> [Problem requirements]: Repeat everything from the first line of the listing below through the line that contains "Das 1. Plenartreffen", exactly. Leave out pictures.

[Data listing — start]

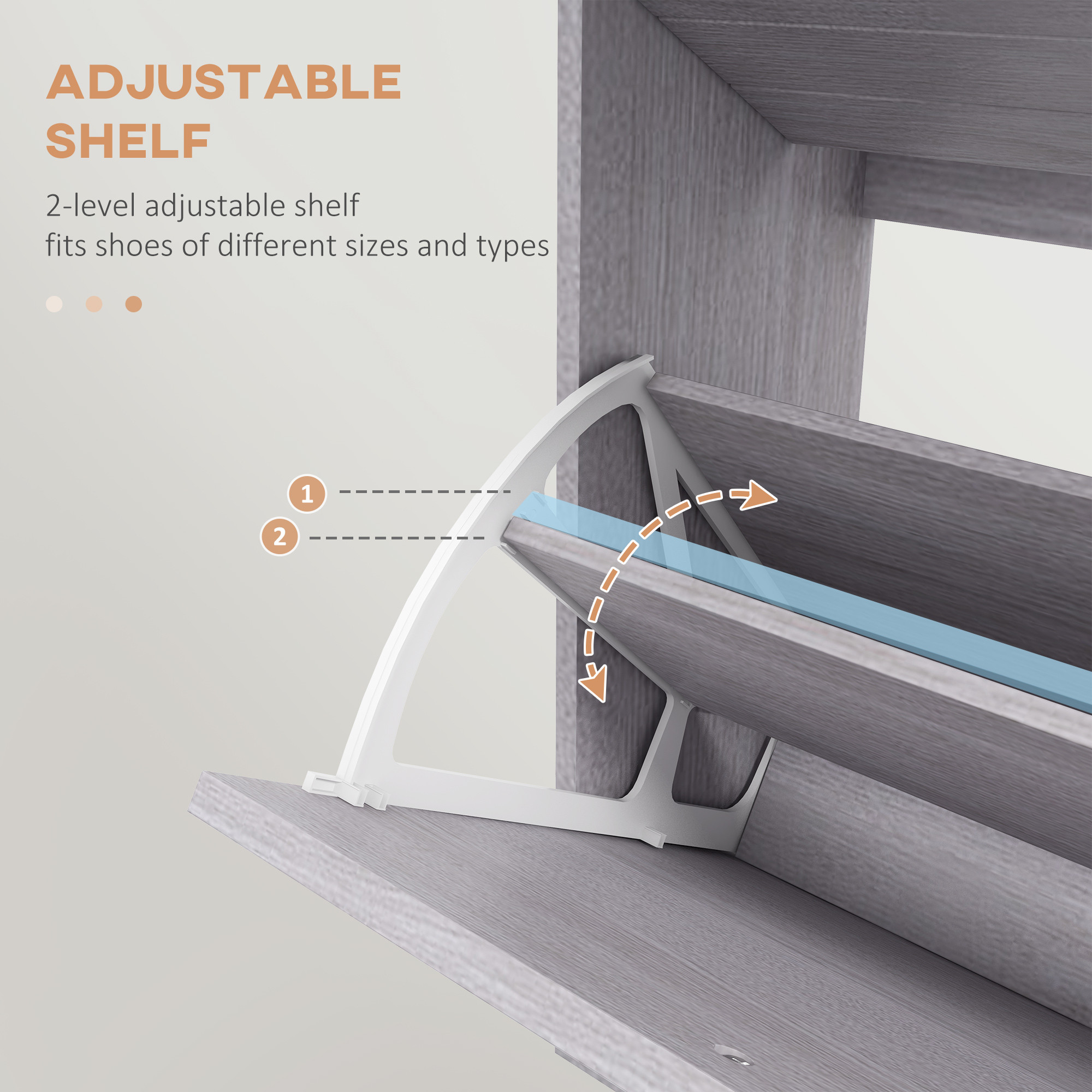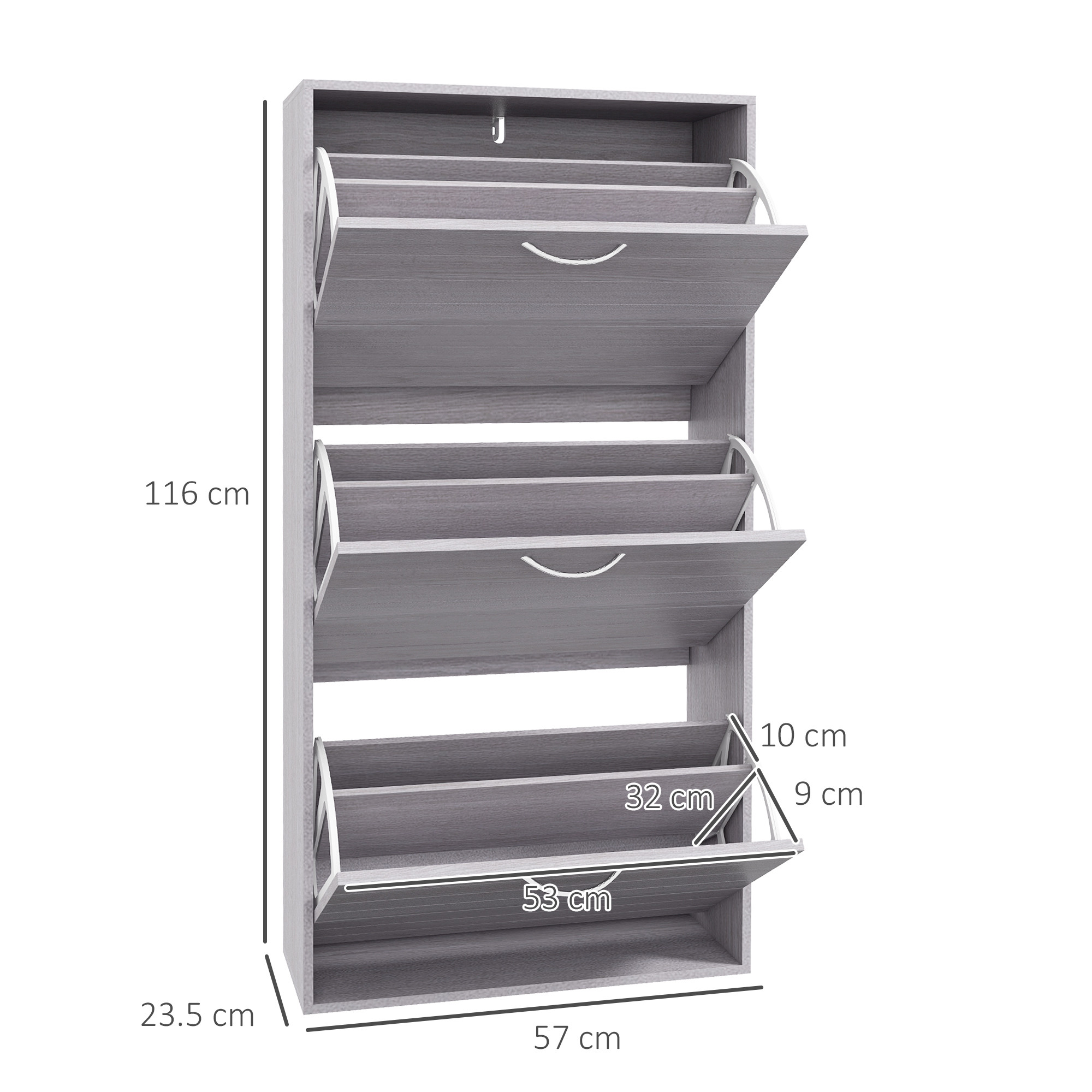 12-Shoe Flip Drawer Storage Cabinet - Grey Wood-Effect
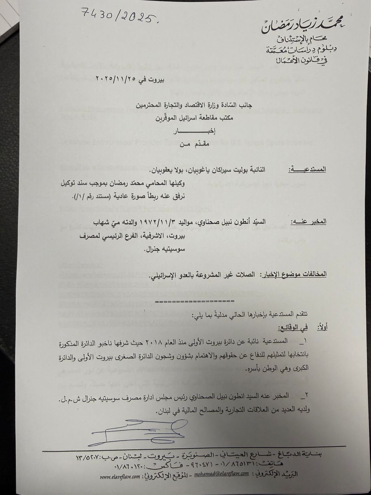 تقدمت النائب بولا يعقوبيان بواسطة وكيلها المحامي محمد رمضان بدعوى قضائية لدى وزارة الاقتصاد والتجارة- مكتب مقاطعة اسرائيل، ضد رئيس مجلس ادارة مصرف ال SGBL السيد انطون الصحناوي ، بجرم الصلات غير المشروعة بالعدو الاسرائيلي.
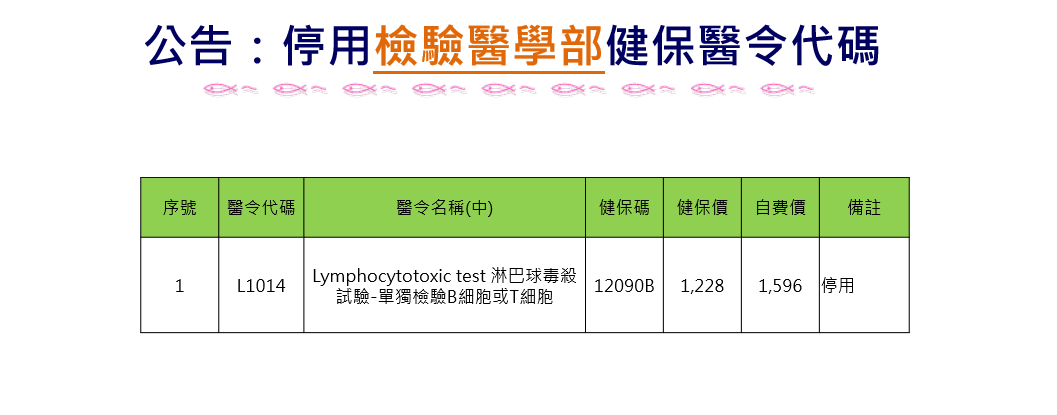 公告編號12:停用【骨髓移植核心實驗室檢查項目】L1014 淋巴球毒殺試驗-單獨檢驗B細胞或T細胞
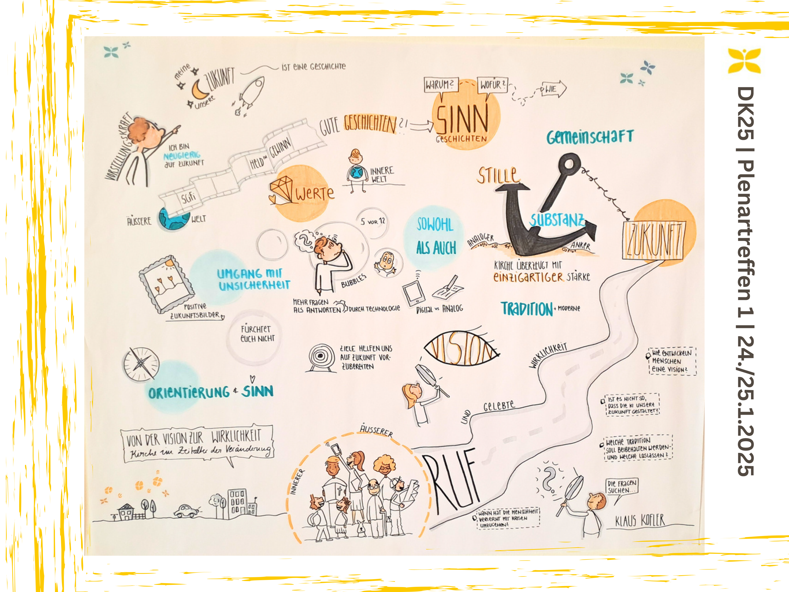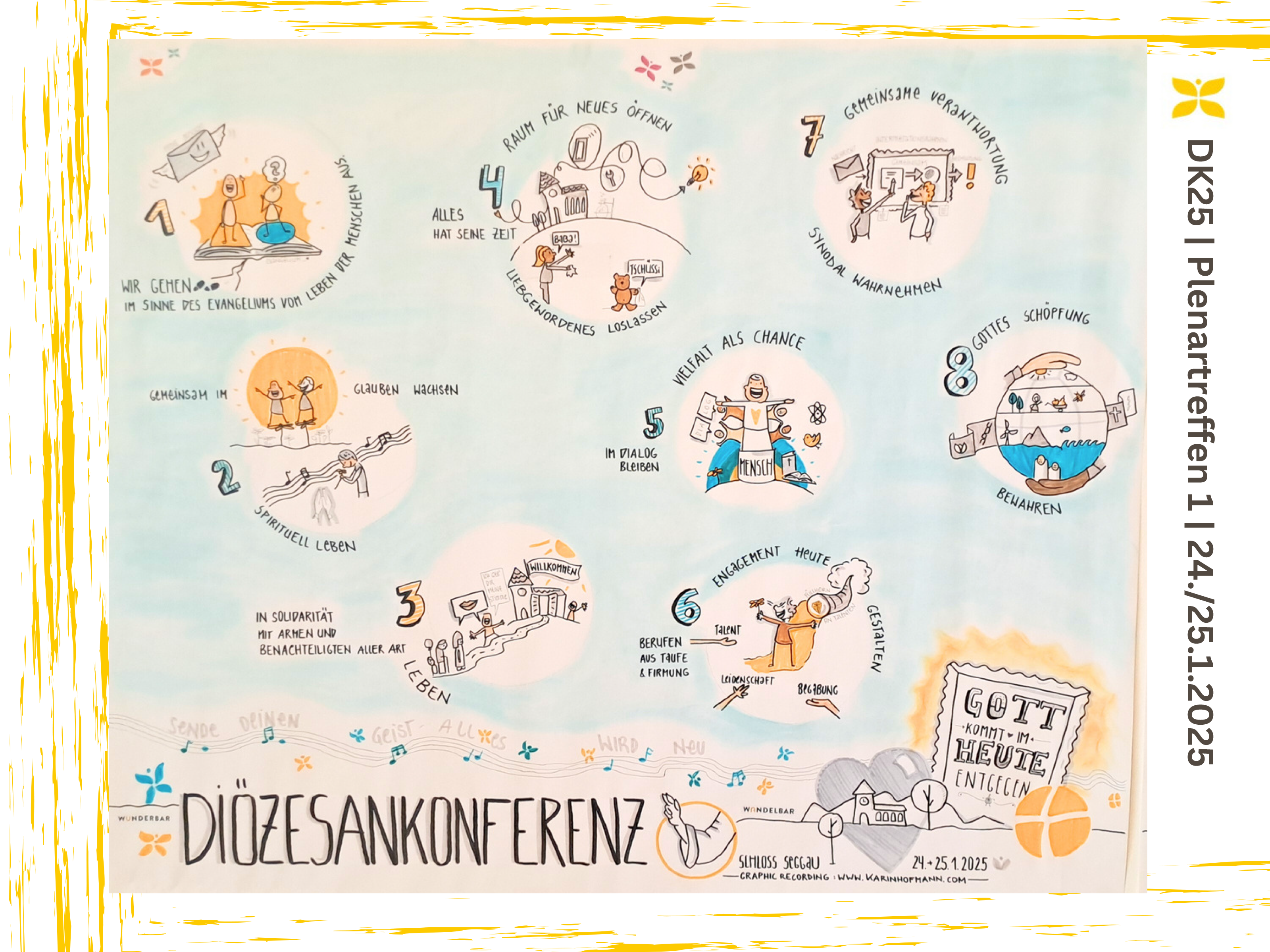 Das 1. Plenartreffen der Diözesankonferenz fand am 24./25. Jänner 2025 auf Schloss Seggau statt. Bei dieser Konferenz entstand dieses Grafic Recording aus der Feder von Karin Hofmann.
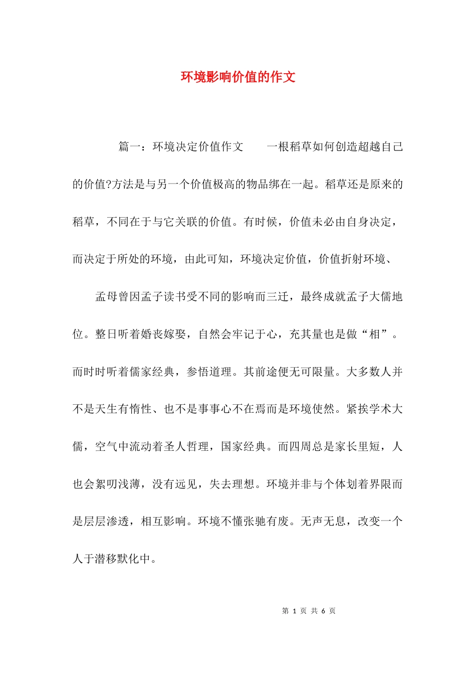 第1页共6页环境影响价值的作文篇一:环境决定价值作文一根稻草如何创造超越自己的价值?方法是与另一个价值极高的物品绑在一起。稻草还是原...
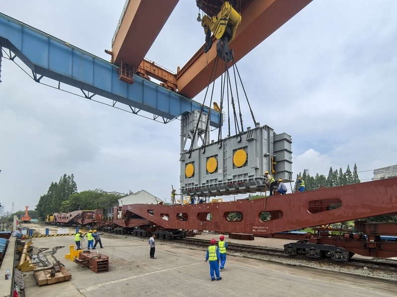 7月19日,特大型變壓器在上海鐵路物流中心閔行站裝車緊固。
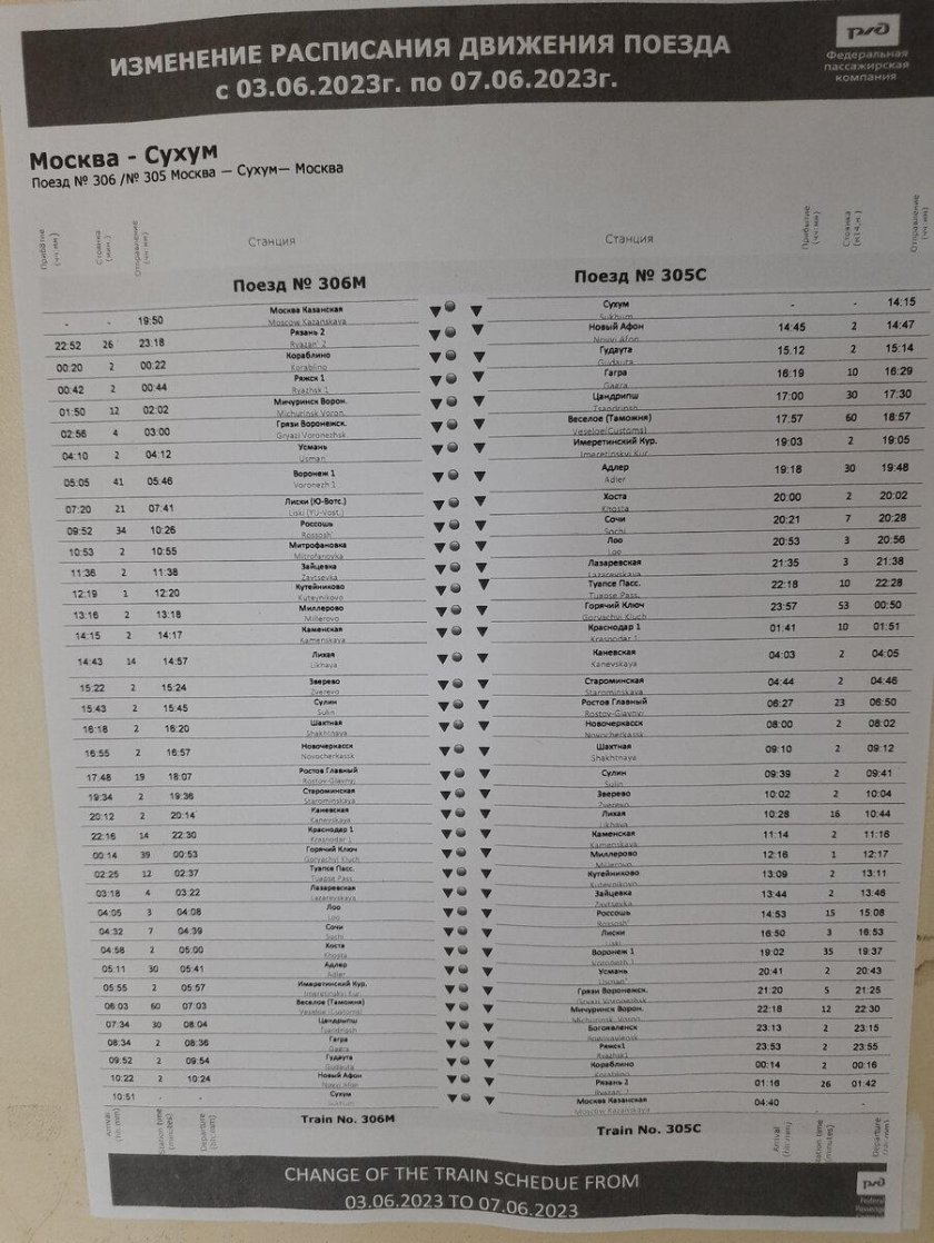 Поезд 306 Москва Сухум
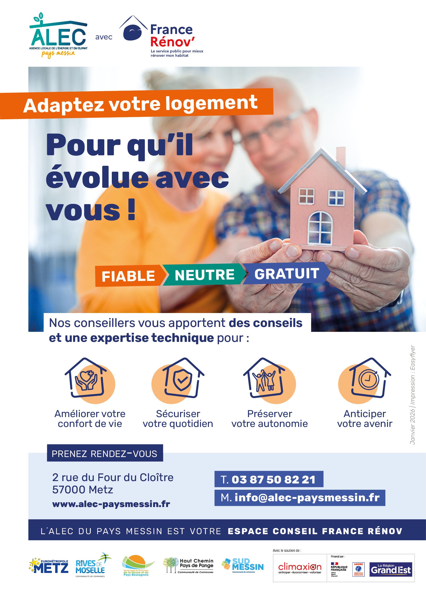 Pour cela, les conseillers France Rénov’ de l’Agence Locale de l’Energie et du Climat (ALEC) du Pays Messin vous apportent des conseils et une expertise technique sur votre projet de rénovation énergétique ou d’adaptation de l’habitat face à une perte d’autonomie.
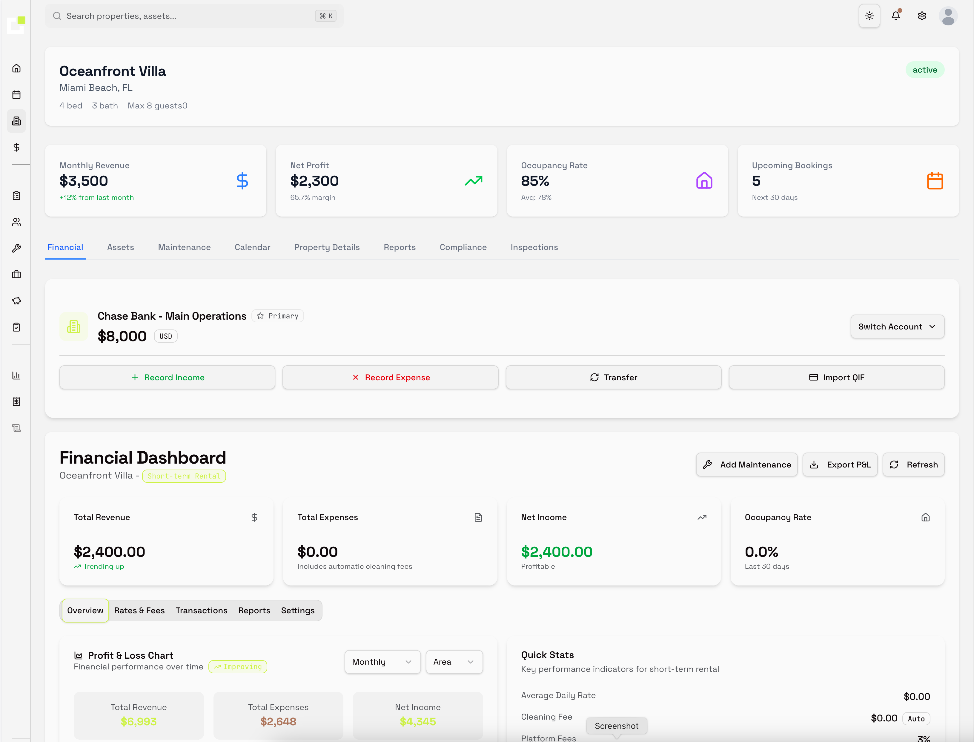 Start by connecting your channel managers and importing properties with their assets. Then configure your management agreements, expense categories, and custom reports. Finally, manage everything from one dashboard.
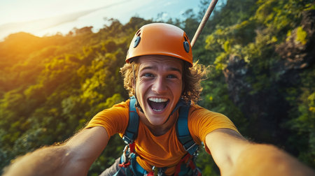 Thrilled Man s Joyful Scream Extreme Zipline Adventure through Lush Tropical Rainforest Canopy

[Data listing — finish]

> [Expected output]:
 12-Shoe Flip Drawer Storage Cabinet - Grey Wood-Effect
 تقدمت النائب بولا يعقوبيان بواسطة وكيلها المحامي محمد رمضان بدعوى قضائية لدى وزارة الاقتصاد والتجارة- مكتب مقاطعة اسرائيل، ضد رئيس مجلس ادارة مصرف ال SGBL السيد انطون الصحناوي ، بجرم الصلات غير المشروعة بالعدو الاسرائيلي.
 公告編號12:停用【骨髓移植核心實驗室檢查項目】L1014 淋巴球毒殺試驗-單獨檢驗B細胞或T細胞
 Das 1. Plenartreffen der Diözesankonferenz fand am 24./25. Jänner 2025 auf Schloss Seggau statt. Bei dieser Konferenz entstand dieses Grafic Recording aus der Feder von Karin Hofmann.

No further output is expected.